Wer nach Beweisen fragt, bevor er oder sie bereit ist, zu glauben, versteht nicht, dass der Glaube immer ein Risiko beinhaltet. Es ist immer möglich, ohne ihn zu leben, aber ein solches Leben ist, in Macbeths Worten, „eingeklemmt, eingeklemmt, eingeengt, gebunden … [durch] Zweifel und Ängste“. Ohne Vertrauen in die Menschen werde ich zum Zyniker. Ohne Vertrauen in die Finanzinstitute hören wir auf zu investieren und die Wirtschaft geht unter. Ohne den Glauben an unsere Mitbürger sterben die demokratischen Freiheiten.

Ohne den Glauben an Gott wird das Universum langsam bedeutungslos. Das Leben hört auf, einen objektiven Zweck zu haben. Das menschliche Leben ist nicht mehr heilig, ebenso wenig wie unsere Versprechen, Pflichten und Verantwortlichkeiten. Kulturen, die ihren religiösen Glauben verlieren, werden schließlich individualistisch und relativistisch.
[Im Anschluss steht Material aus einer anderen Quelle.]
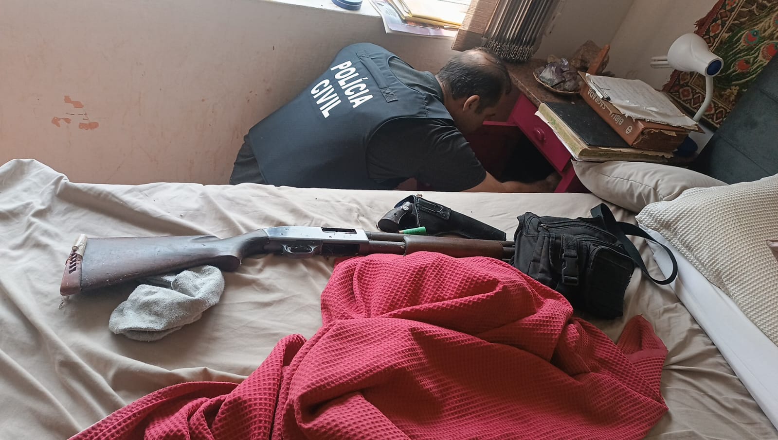 Na última quarta-feira (06), uma mulher, foi conduzida à delegacia, por posse de arma de fogo. Com ela, a equipe policial apreendeu duas armas de fogo, um revólver calibre.38 municiado com três munições intactas, duas munições deflagradas e uma espingarda calibre .12, municiada coma uma munição intacta, na cidade de Corumbá. A mulher, moradora em uma pousada em Corumbá, também é acusada de fazer disparos contra a filha, responsável por fazer a denúncia à Polícia Civil.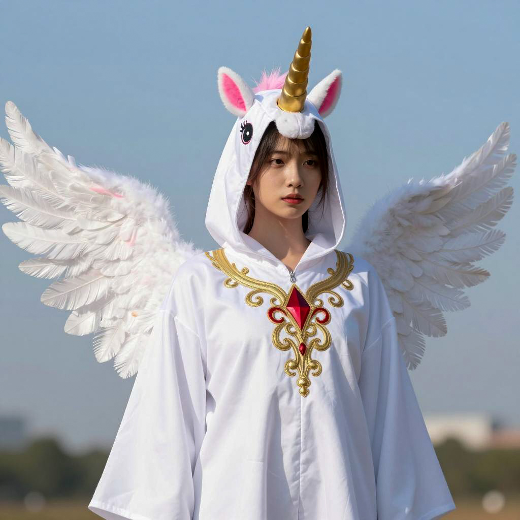 Unicorn angel costume, photorealistic, young woman, unicorn costume, white hooded robe, pink unicorn ears, golden horn, white feathered wings with pink tips, ornate gold and red embroidery on chest, standing outdoors, daytime, clear blue sky, neutral expression, natural light, detailed costume, realistic ures, fantasy theme, digital art, portrait, medium shot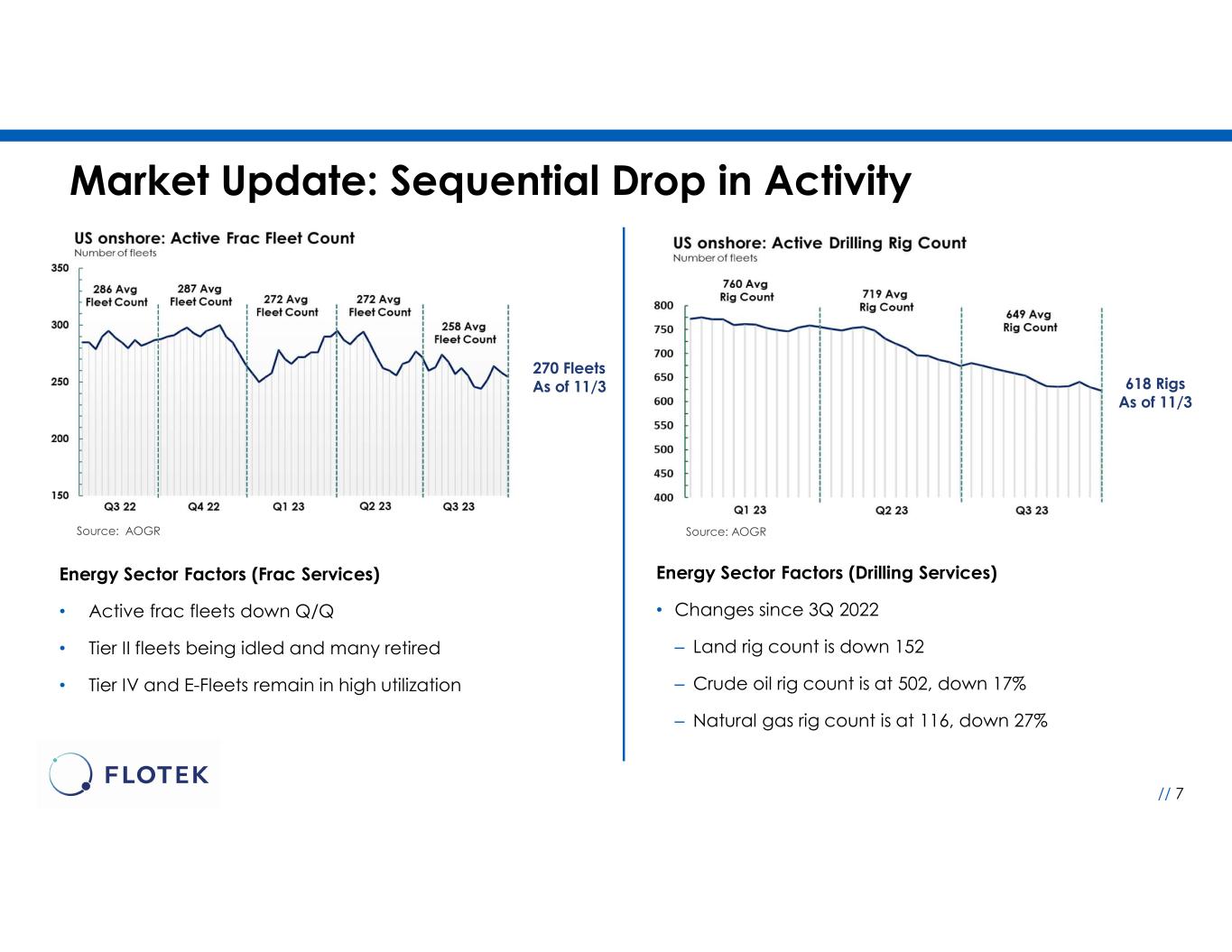 Our Strategic Priorities Industry-Leading Innovation Track record of delivering fit-for-purpose optimized chemistry and data solutions Capital-Light Growth Modest capital required to support robust growth objectives Environmental Leadership Focus on reducing impact on people, land, air, and water // 6 Sustainable Revenue 10-year contract with ProFrac generates a guaranteed minimum of $2B+ Enhanced Profitability 3Q 2023 was first quarter of positive adjusted EBITDA** since 2018 Strong Balance Sheet Minimal debt and strengthened liquidity with new ABL* facility * Asset Based Loan ** Adjusted EBITDA is a non-GAAP measure. See the Appendix in this presentation for a reconciliation to the nearest GAAP measure.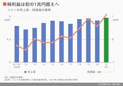 2021年3月期は760万台超、2022年3月期は1480万台超の出荷を計画しているPS5は、世界的な半導体需給の逼迫により、台数を上積みすることは難しい。新作公開ができない映画部門は、2021年3月期こそ制作・広告費減により増益だが、2022年3月期は前年ヒット作不在によるライセンス収入の減少が見込まれる。足元ではこうした不安もあるが、それでも全体としては業績の急降下を示唆する兆候は見られない。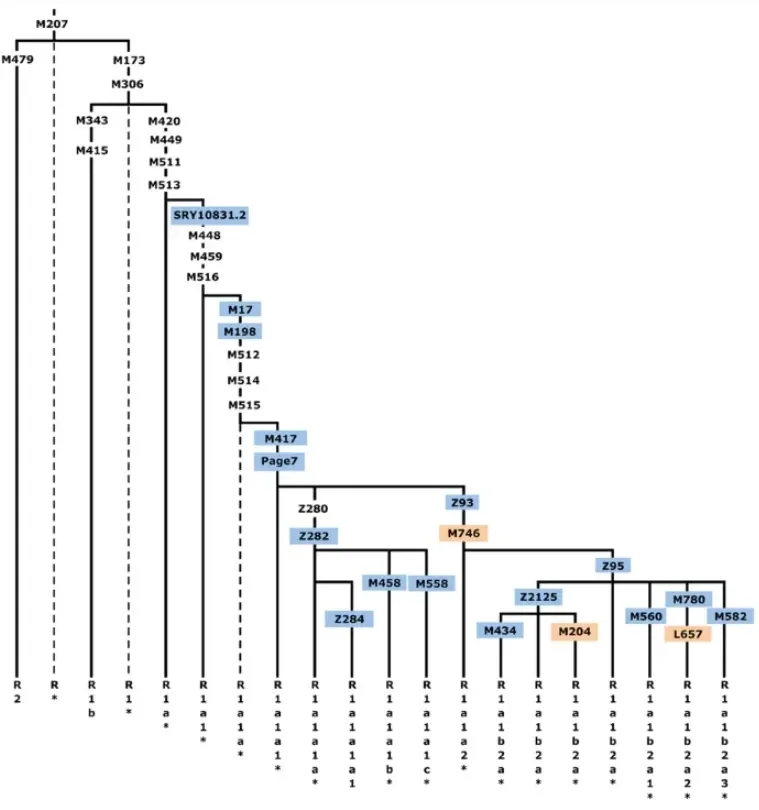 Gore je slika koja definira grane Y-kromosomske haplogrupe R koje se razlikuju po brojnim mutacijama, a koje su se akumulirale tijekom desetaka tisuća godina (najbolja procjena jest kako su se R1 i R2 razdvojili prije oko 35000 do 40000 godina). Iako postoje različite nomenklature za Y i mtDNA haplogrupe, ovaj zajednički sustav je prilično jednostavan, u načinu na koji se imena prate uz mutacijame. Prvo, dvije mutacije, M479 i M173, definiraju razdvajanje između R1 i R2. Zatim, unutar R1 vidite mutacije koje definiraju R1b i R1a; i slijedeće unutar R1a vidite mutaciju M17, koja definira R1a1a. Pproces ide dalje unutar R1a u ovom stablu, a neki genealoški fanatici definiraju jedinstvene mutacije, koje prate bliske grane iste obitelji.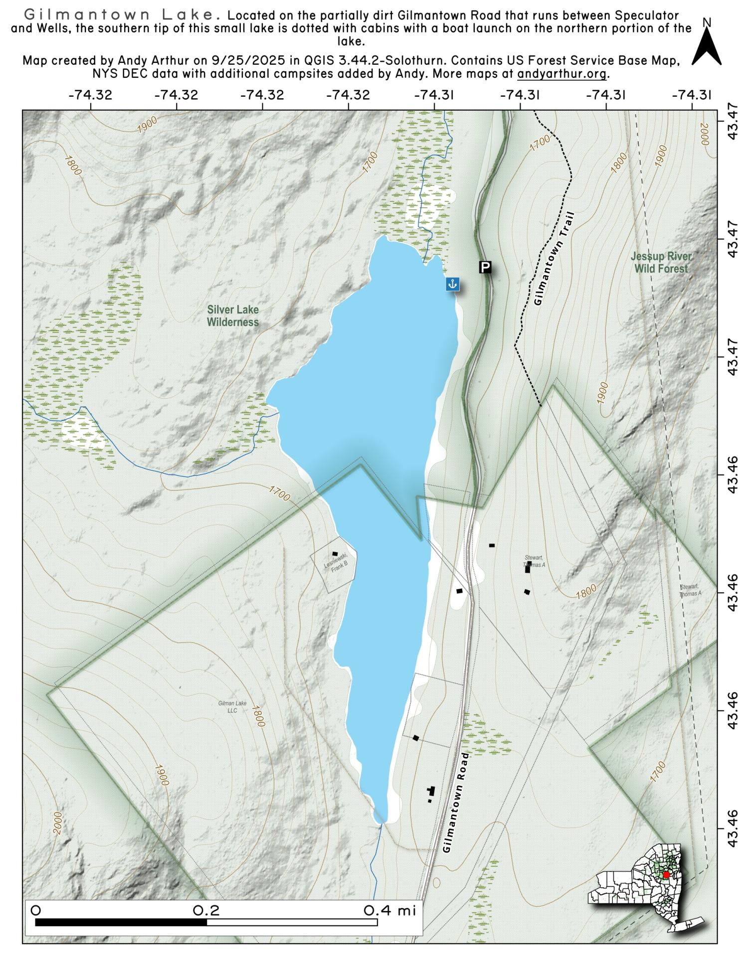 Located between the Silver Lake Wilderness and Jessup River Wild Forest, Gilman Lake offers paddling and fishing opportunities. Not the most remote or largest lake in the Adirondacks, it's a little ways south of Speculator on Gilman Lake Road.
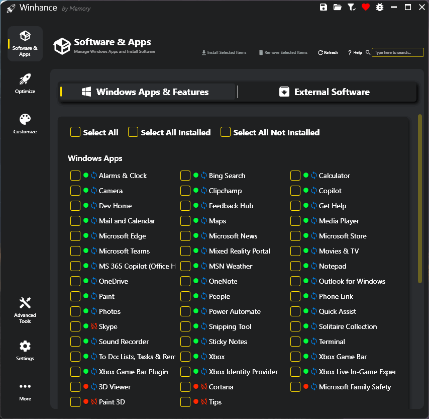 Down the lefthand side we have Software & Apps (the default view), Optimize, and Customize. Clicking Optimize and/or Customize brings up related Windows settings that you can adjust from within Winhance. Many of the optimization settings are already set to optimum within Winhance, with associated recommendations and tool tips.
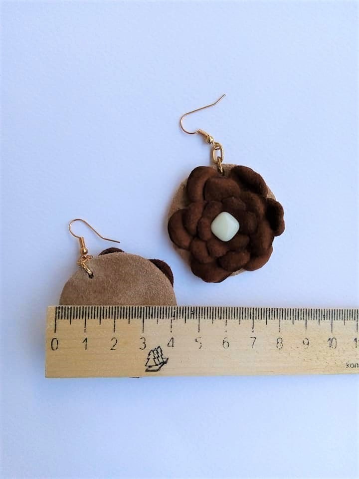 Δερμάτινα κυκλικά σκουλαρίκια. Είναι μοντέρνο και νεανικό. 100% Χειροποίητο. Μπορείτε να το φορέσετε όλες τις ώρες. Σε χρώμα καφέ-άσπρο. Boho. Mπορείτε να κάνετε σετ με παρόμοιο κολιέ. Ένα εντυπωσιακό χειροποίητο σκουλαρίκι που δίνει στυλ και λάμψη.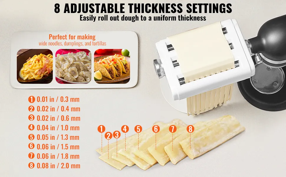 Con l'accessorio per pasta VEVOR per KitchenAid, puoi creare la pasta esattamente come la desideri. Regola lo spessore della tua pasta da 0,01 a 0,08 pollici per risultati uniformi. Questa macchina per la pasta con spessore regolabile assicura che la tua pasta sia sempre perfetta. Che tu stia preparando tagliatelle larghe o ravioli delicati, le impostazioni di precisione ti consentono di ottenere la consistenza esatta della pasta che desideri. Perfetto per creare facilmente una varietà di piatti di pasta, questo accessorio offre flessibilità e controllo per le tue esigenze di cottura.

Die Menschen werden selbstsüchtig und versorgen sich selbst. Dies wird zunächst als große Befreiung empfunden, führt aber letztlich zu einem Zusammenbruch des Vertrauens, und ohne Vertrauen leiden Gesellschaften unter Entropie: einem Verlust an Energie und Ordnung, der zu Niedergang und Verfall führt.

Griechenland, dessen Größe im fünften und vierten Jahrhundert der vorchristlichen Zeit unübertroffen war, wurde im dritten Jahrhundert v. Chr. zu einer Gesellschaft von Zynikern, Skeptikern, Stoikern und Epikureern, deren Ruhm mit erschreckender Geschwindigkeit verblasste. Das Europa der Aufklärung, das auf die Macht der Wissenschaft vertraute, verfiel schließlich dem doppelten Götzendienst der Nation und der Rasse, führte zwei Weltkriege und hinterließ zig Millionen Tote. Der sowjetische Kommunismus, der größte Versuch aller Zeiten, eine Gesellschaft auf der Grundlage wissenschaftlicher Prinzipien und sozialer Ingenieurskunst zu errichten, hat die menschliche Freiheit unterdrückt, bis er unter seinem eigenen Gewicht zusammenbrach.

Wenn der Glaube an Gott etwas bedeutet, dann Demut vor sich selbst und Liebe zum Nächsten und zum Fremden. Leider hat der Glaube nicht immer zu diesen Dingen geführt. Er kann manchmal zu Selbstgerechtigkeit und Hass auf den Fremden führen. Die Geschichte der Religion ist oft genug mit dem Blut geschrieben worden, das im Namen Gottes vergossen wurde, und das ist keine Weihe, sondern eine Schändung.

Heute sehe ich in vielen Teilen der Welt, dass Religion mit dem Streben nach Macht verwechselt wird, so als ob diese ganze tragische Geschichte vergessen worden wäre. Die hebräische Bibel sagt uns, dass die Macht Gott gehört, der sie einsetzt, um die Machtlosen zu befreien. Religion hat nichts mit Macht zu tun, sondern mit dem Heiligen und dem Guten und dem Streben nach Gerechtigkeit und Mitgefühl. Wenn Religion und Politik miteinander verwechselt werden, ist das Ergebnis für beide verhängnisvoll.

Die wütenden Atheisten von heute sind weit davon entfernt, tiefgründig zu sein, sie sind wie humorlose Menschen, die sich fragen, warum man über einen Witz lacht. Ihre Haltung hat nichts mit der Wissenschaft zu tun, sondern nur mit einem Mangel an Vorstellungskraft. Wir brauchen die Wissenschaft, die uns sagt, wie die Welt ist, und die Religion, die uns sagt, wie die Welt sein sollte. Beide sind notwendig. Jede richtig verstandene Religion kann unseren Respekt für die andere erhöhen.

Der Glaube wird im Leben verstanden und im Tun bewiesen. Wir begegnen der göttlichen Gegenwart im Gebet und im Ritual, in der Geschichte und im Gesang. Diese heben uns über uns selbst hinaus auf das unendliche Du im Herzen des Seins, das uns lehrt, seine Spur im Antlitz des anderen Menschen zu sehen, und das uns zu Taten der Güte führt, die das Leben in dieser Welt sanft machen. Der Glaube ist das Band der Treue und des Zuhörens, das uns an Gott und durch ihn an die Menschheit bindet. Der Glaube ist ein Leben im Licht der Liebe.